Это топографы. После нас работали на Гороховой шивере у Ковы, а потом ниже.
Теперь, когда они содрали с себя всю мокредь и разулись, стало видно, что это совсем разные люди. Казались же в плащах одинаковыми.
Первый — коротышка. Парню лет двадцать, а совсем маленький, хоть и плотный и лицо пухлое, телячье.
Второй — высокий и крепкий, с русой бородой, подстриженной кругом и обрезанной, как щетина. Из-под кепки буйно выбиваются волосы и лезут в глаза.
Третий — тоже высокий, но сутулый и лысоватый. У него лицо, точно кирпичная маска, резко отделяется от белого лба и залысин.
Когда Зина подогрела остатки обеда и ребята сели за стол, мы с Михаилом собрали их плащи, сапоги и штаны — потащили в баню сушить.
— Это Валя, моя жена, о них позаботилась, — толковал мне Михаил. — Если б она не велела баньку истопить, как теперь жили-то?
Вернулись домой, ребята уже пообедали.
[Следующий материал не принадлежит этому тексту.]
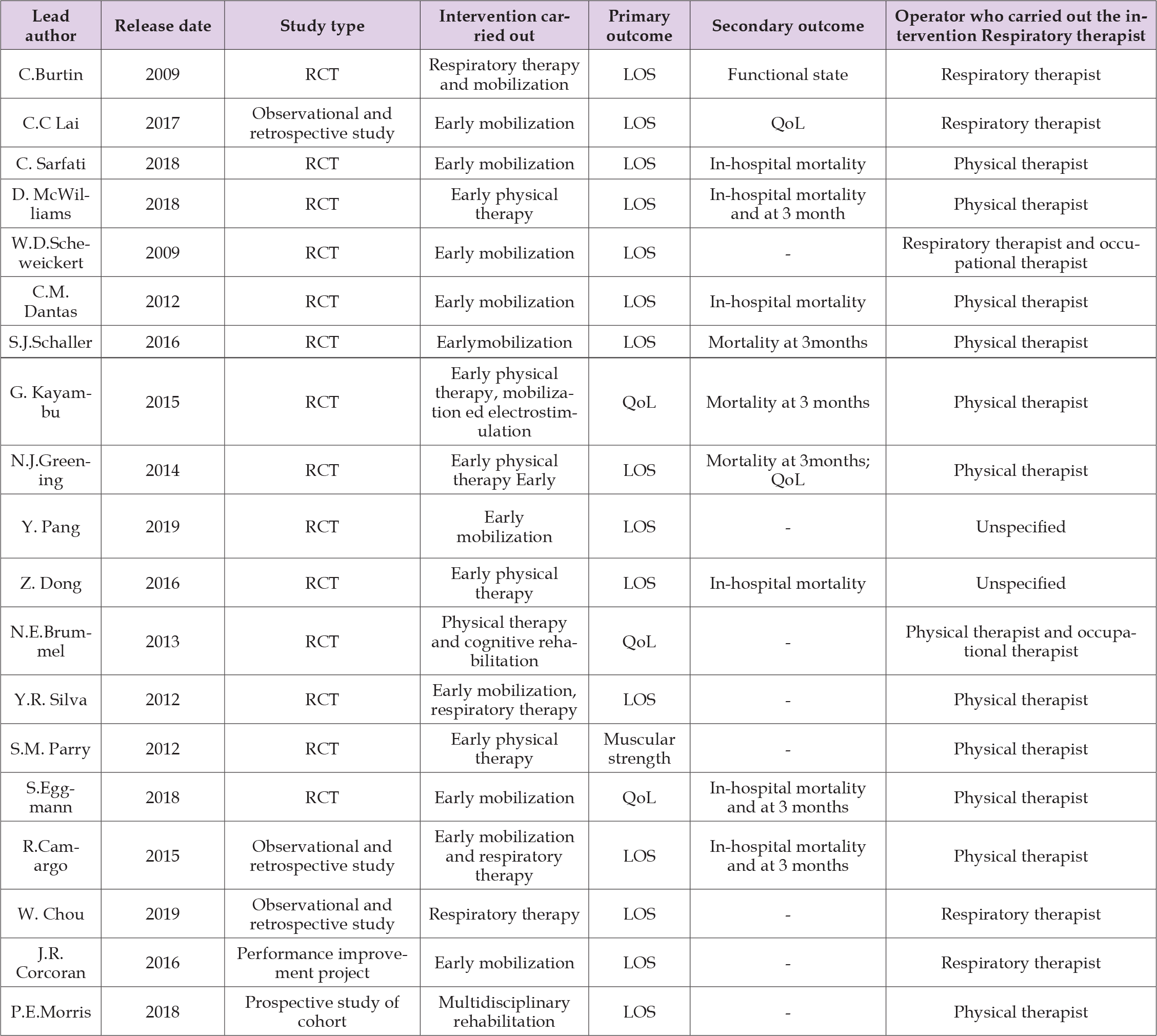 The aim of this review was to assess if early mobilisation and

Кирилл зажигает лампу, Юля протирает законченное стекло, Митя карты раскидывает.
Но игра не вязалась Дмитрий Иваныч, тот, что лысоватый, на середине кона отложил карты, достал папироску и откинулся к стене. Точно обо всем сразу позабыл.
Митя заерепенился:
— Что ты? Надо кончить. Зря я трудился — колоду тасовал.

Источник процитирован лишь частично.